Эди ждала, что Джек вот-вот уснет. Обычно она старалась заснуть первой, потому что Джек храпел, но сегодня ее одолевали беспорядочные мысли, и сон не приходил. В конце концов она повернулась на бок и обнаружила, что Джек лежит с открытыми глазами и смотрит прямо на нее.

– Все устаканится, – выговорил он. – Они и раньше уезжали из дому – ничего страшного не случилось.

– Это совсем другое дело.

– Из-за Элспет?

– Скорее всего, – ответила она. – А может… уж очень это далеко. Не хочу, чтобы они там жили.

Он обнял ее за талию, и она уткнулась лицом ему в плечо. «Здесь спокойно. Здесь я в безопасности». Джек служил ей живым щитом, надежным укрытием.

– Помнишь, когда они уехали в Корнелл? – заговорил он. – Как мы с тобой кайфовали вдвоем!

– Помню…

Для них это стало открытием: супружеская жизнь без детей закружила их, как ураган. По крайней мере, на первых порах.

– Им уже двадцать лет, Эди. Давно пора определиться. Зря мы не отправили их в разные колледжи, – сказал Джек.

Она вздохнула. «Что ты понимаешь?»

– Теперь поздно рассуждать. Элспет вырвала их у нас из рук.

– Возможно, она оказала нам большую услугу.

Эди не ответила. Тогда Джек сказал:

– Ты в их возрасте, помнится мне, жаждала самостоятельности.

– Разве можно сравнивать?

Он помолчал, давая ей возможность высказаться.
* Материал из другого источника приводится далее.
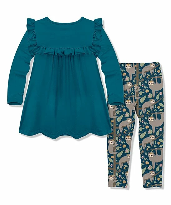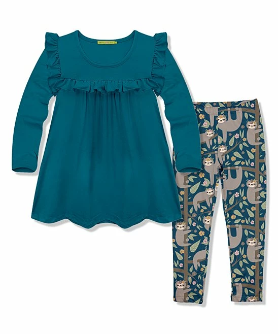 - Includes one teal long-sleeve top and one blue and gray happy sloths leggings (two pieces total)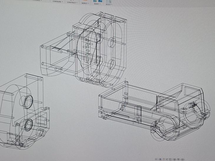 Gearkasse trukket af 4250 outrunner på 6s med primær gear modul 8 ren stål tandhjul, 2 sekundær udvekslinger begge med hpi baja 15/57 pinion spurhjul, bagaksel med pinion ringgear fra makita 1400 1600 watt vinkelsliber, alle aksler 8mm rustfri aksel stål, 8mm kardanner fra gearkasse til bagtøj, 3 punkts ophæng i bag og 2 punkts i for, bagdæk fra fg monstertruck 21 cm diameter, fordæk og fælge egwt design dæk printet i tpu, fører er en fra makerworld printet i 350% str, de sidste dele skulle være være ankommet så mere kommer når jeg får fri.

Видя, что она не склонна продолжать, он зашептал:

– А что такое, Эди? Почему нельзя сравнивать?

Но она лишь стиснула зубы и закрыла глаза.

– Нет, ты объясни, – настаивал он.

Открыв глаза, она улыбнулась.

– Да что тут объяснять, Джек. – Она повернулась на другой бок. – Давай спать.

«Чуть-чуть не дожал», – подумал он. Ему не удалось разобраться, что осталось в итоге – досада или облегчение.

– Давай, – пробормотал Джек.

Они долго лежали молча, прислушиваясь к дыханию друг друга, но в конце концов Джек захрапел, и Эди осталась наедине со своими мыслями.